▶ [TASK DIRECTIONS]: Would you transcribe the entries below, beginning at the line with "Cuchillo de cinta inoxidable" and ending after the line with "In-home meal: (1-8", exactly, with no picture and nothing more?

▶ [EXTRACTED RECORDS]:

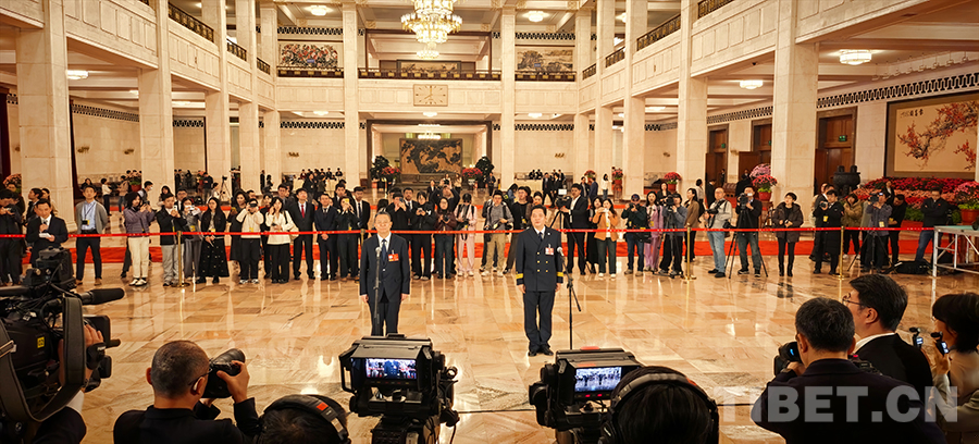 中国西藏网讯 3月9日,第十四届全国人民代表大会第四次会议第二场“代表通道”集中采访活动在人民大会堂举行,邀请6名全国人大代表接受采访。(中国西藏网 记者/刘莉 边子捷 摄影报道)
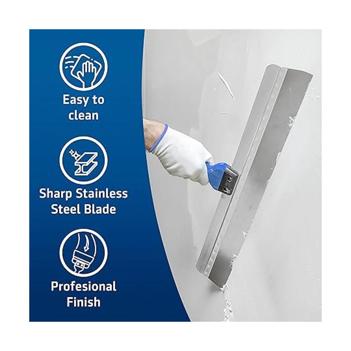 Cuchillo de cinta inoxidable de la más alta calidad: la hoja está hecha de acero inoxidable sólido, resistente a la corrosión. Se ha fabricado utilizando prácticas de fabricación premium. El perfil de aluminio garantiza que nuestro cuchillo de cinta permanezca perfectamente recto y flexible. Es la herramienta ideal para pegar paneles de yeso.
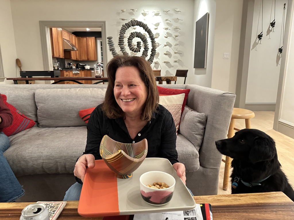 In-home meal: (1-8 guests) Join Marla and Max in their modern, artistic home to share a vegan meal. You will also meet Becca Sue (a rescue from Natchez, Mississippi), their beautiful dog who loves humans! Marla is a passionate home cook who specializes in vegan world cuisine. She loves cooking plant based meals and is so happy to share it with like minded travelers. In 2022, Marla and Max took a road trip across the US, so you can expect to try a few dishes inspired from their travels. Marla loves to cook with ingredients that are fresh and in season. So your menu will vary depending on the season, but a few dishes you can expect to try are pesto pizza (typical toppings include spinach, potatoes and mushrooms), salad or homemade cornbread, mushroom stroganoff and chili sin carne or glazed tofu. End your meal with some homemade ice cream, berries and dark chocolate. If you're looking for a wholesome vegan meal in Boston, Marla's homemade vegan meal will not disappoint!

* * *

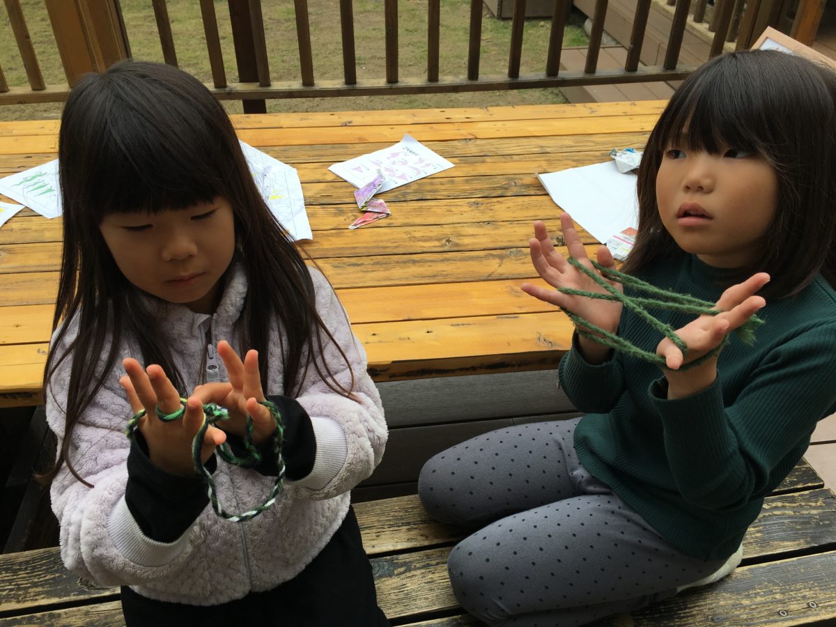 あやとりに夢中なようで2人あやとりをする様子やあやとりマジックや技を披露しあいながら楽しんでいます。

▶ [COMPLETED EXERCISE]:
 Cuchillo de cinta inoxidable de la más alta calidad: la hoja está hecha de acero inoxidable sólido, resistente a la corrosión. Se ha fabricado utilizando prácticas de fabricación premium. El perfil de aluminio garantiza que nuestro cuchillo de cinta permanezca perfectamente recto y flexible. Es la herramienta ideal para pegar paneles de yeso.
 In-home meal: (1-8 guests) Join Marla and Max in their modern, artistic home to share a vegan meal. You will also meet Becca Sue (a rescue from Natchez, Mississippi), their beautiful dog who loves humans! Marla is a passionate home cook who specializes in vegan world cuisine. She loves cooking plant based meals and is so happy to share it with like minded travelers. In 2022, Marla and Max took a road trip across the US, so you can expect to try a few dishes inspired from their travels. Marla loves to cook with ingredients that are fresh and in season. So your menu will vary depending on the season, but a few dishes you can expect to try are pesto pizza (typical toppings include spinach, potatoes and mushrooms), salad or homemade cornbread, mushroom stroganoff and chili sin carne or glazed tofu. End your meal with some homemade ice cream, berries and dark chocolate. If you're looking for a wholesome vegan meal in Boston, Marla's homemade vegan meal will not disappoint!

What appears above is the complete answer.